Tip #1 – Master the Pitch Deck
The Pitch Deck might be the most important part of getting an investment for your company. It is a short presentation that contains about 10 to 12 slides, with minimal information on each slide. It’s not a life-story or a book; it’s just a brief presentation describing who you are, what your product is, how you intend to make money, and what type of investment you are seeking. It shouldn’t take long to actually present the entire pitch deck, yet the information must be clear and dense. Do not waste a single word. Common slides in a pitch deck include: an introduction to who you are, the team involved in the project, the problem that exists in the market, competitive advantages you have, your unique solution to the problem, a description of the product, a market analysis, and a description of the competition. Perhaps most importantly, you must also describe your business model and how much money you want, along with how you plan to use it.

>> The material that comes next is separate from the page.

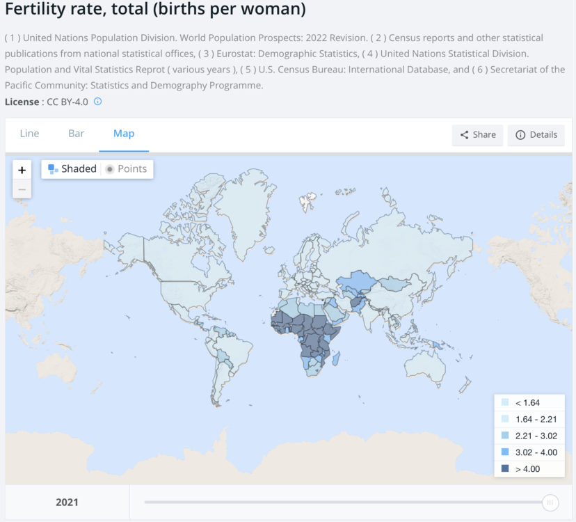 10. @Marek.zak1 Myślałem i uważałem do niedawna tak samo. Liczba dzieci urodzonych we wszystkich krajach spada nawet w KONGO, którego współczynnik wynosił dane na rok 2021 - 6.2 (dzietności) w piku bywało i prawie 8.0 Dlaczego jeszcze rośnie populacja ogólnoświatowa? Nie trudno zgadnąć - spada umieralność dzieci plus wydłuża się życie :DDD. Jedna grafika lepsza niż tysiąc słów.

Tip #2 – Present Your Technology
It is preferable to investors that your technology company has a Minimum Viable Product to demonstrate. This means that you have the actual software or hardware ready to show the investors and are able to present its capabilities. It certainly isn’t impossible to obtain investor funding with just a technology idea, but you are more likely to close the deal if you can show what you have built at the current time. In fact, it is much wiser to attempt to obtain funding after you have some sort of product built, whether it has customers or not. Showing that you have put in the hours to create a new idea and that it is a real, working idea is far more impressive to investors that just an idea on paper. The suggestion is that you put in the time to build something and hone your idea before asking outsiders for money.
Tip #3 – Be Precise About Your Tech Platforms
Technology investors are very savvy about the technology world, as they should be. You must be very clear to them what types of platforms you intend to work on and with. For example, if you have a mobile app idea, the investors may ask you whether you plan to roll out the app on the Apple platform, Android platform, others, or any combination of these. If you aren’t clear on how you plan to deploy your technology and in what timeframes, the investors may lose confidence in you. Assume you are building a software as a service product. That product requires use of a cloud-based provider. Knowing which provider you intend to use and why should be a key part of your presentation to investors. You must be clear about platforms and timelines before you walk into the investor pitch. Every detail of how you plan to bring your product to market is important.

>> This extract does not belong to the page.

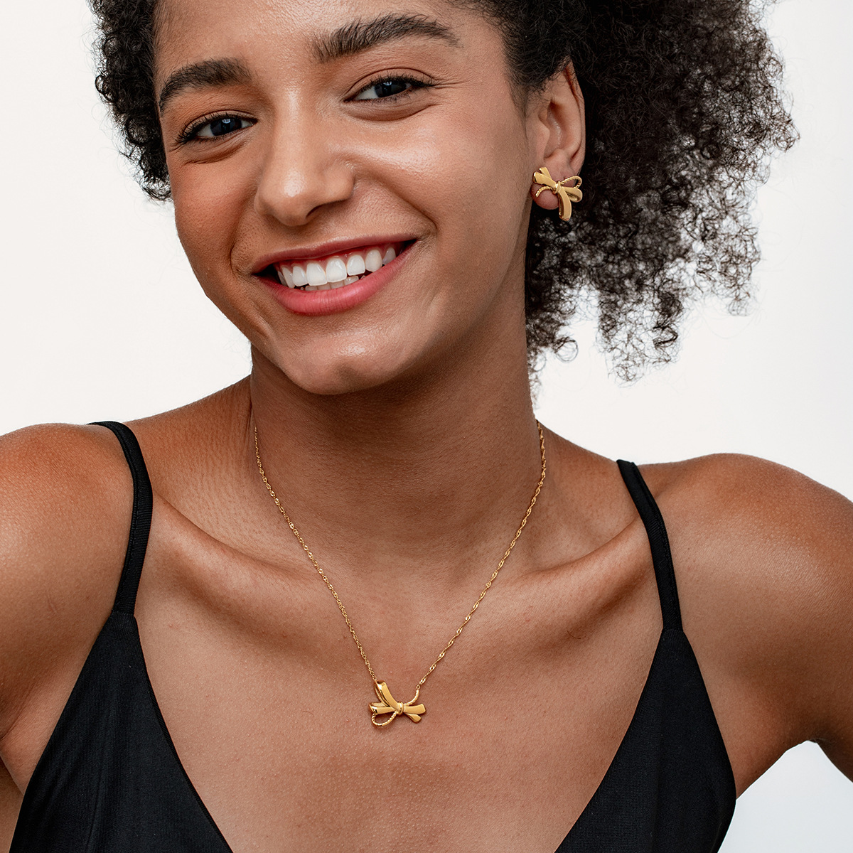 Cross-border Explosive Gold Color Necklace Women 2025 New Pure Gold Pendant Bow Collarbone Chain Original Design

Tip #4 – Build the Best Team
When building a technology startup, the team is very important. Investors are likely to give you money only if you have the appropriate team in place to make the business idea a reality. Sure, you might not have everyone you need right now, and it is acceptable to mention this to investors, but do your best to create the perfect team before pitching investors. For a technology startup, you need someone in charge of all of the programming that goes into the product, but you also need a design person, a marketing and sales person, a finance-focused person, and an overall business development person. These roles rarely can be covered by one founder alone. Typically, two or more founders are involved to make sure all of these critical areas are covered. Again, it may be very clear that you are missing one of these key elements and that some of the investors funding may be used to hire a professional to close some of these business gaps. This is entirely acceptable. Just be clear on defining your team and whoever else is involved in the business.

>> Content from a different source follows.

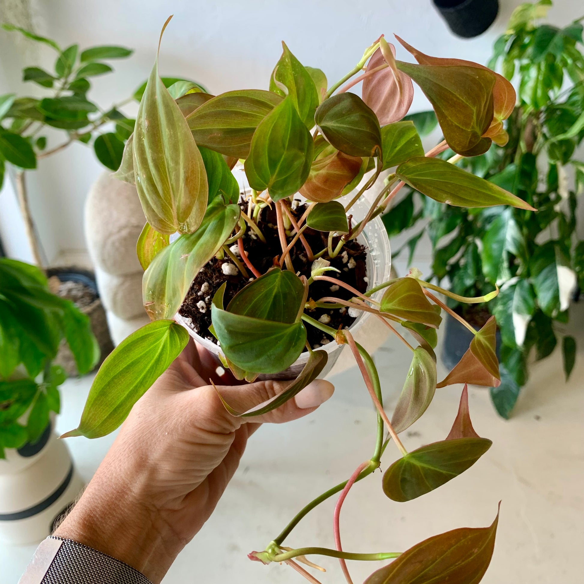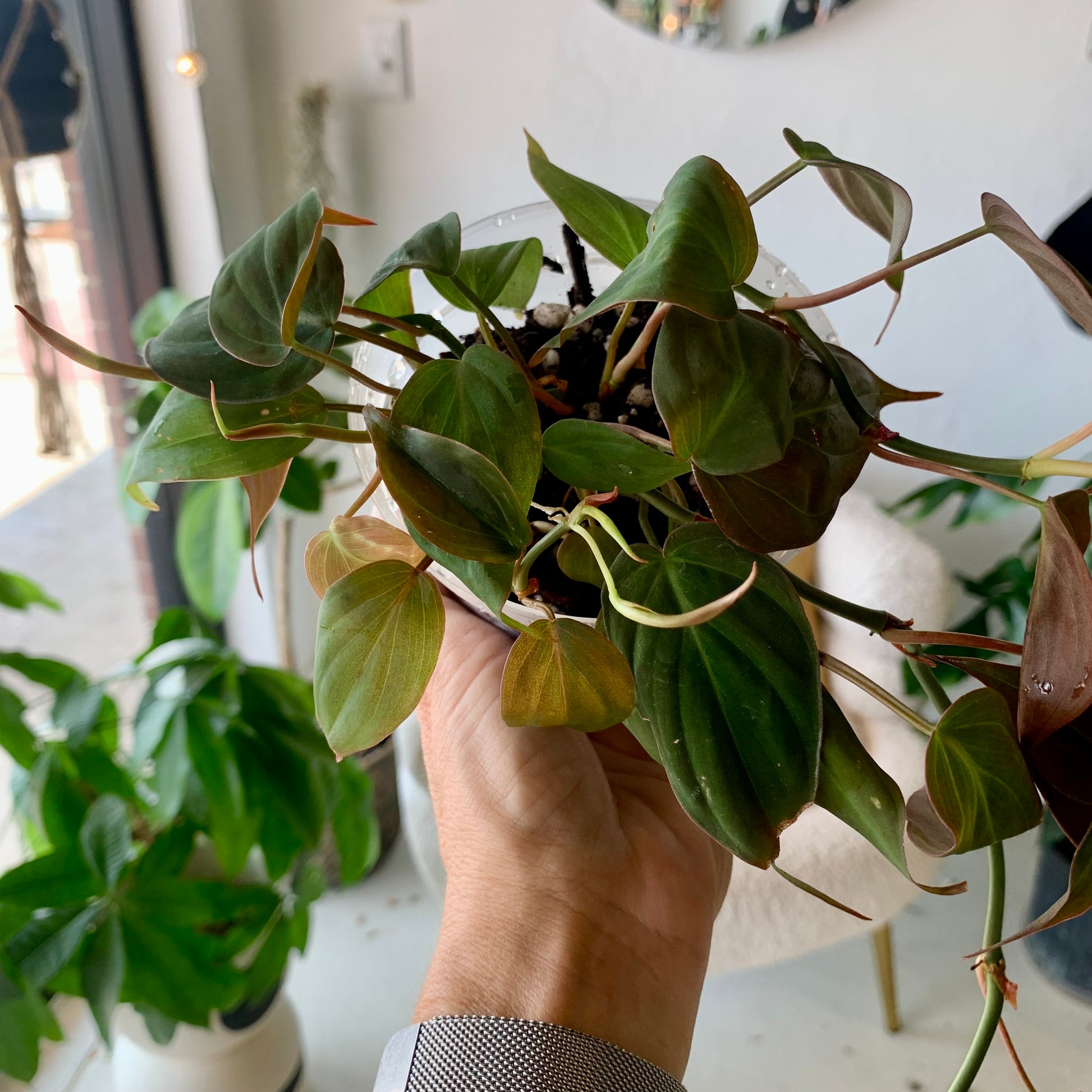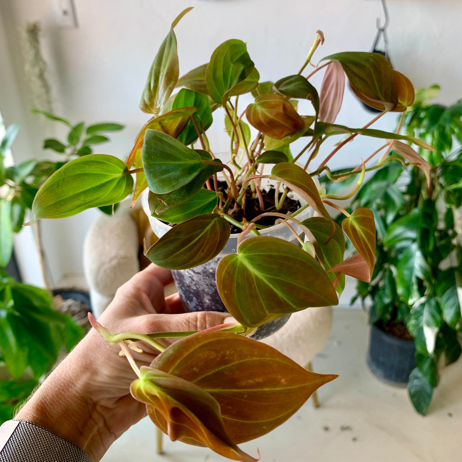 Philodendron Micans or Velvet Leaf Philodendron. The perfect rare beauty to add to any collection! Super easy care. Bright to medium, indirect light. Allow to dry most of the way between watering.

Tip #5 – Never Cold Call Investors
This tip is simple, but it is very important. You should never cold call or cold email investors or investment firms. Technology investors have so many deals on their plates, and their calendars are usually filled with pitches. Typically, contacting them cold is seen as a negative (and maybe even desperate) sign. Warm leads from people in the technology world are definitely acceptable since the investors trust their networks’ recommendation. Even better is when you build a product that garners so much attention that the investors seek you out. Overall, getting venture capital funding can be a challenge. You can be in a better position to succeed once you have a solidly written pitch deck and a basic version of the technology to demonstrate. When you employ this along with the other tips mentioned above, you are far more likely to get the attention of an investor and get the funding you desire than someone else who walks into an investor meeting less prepared.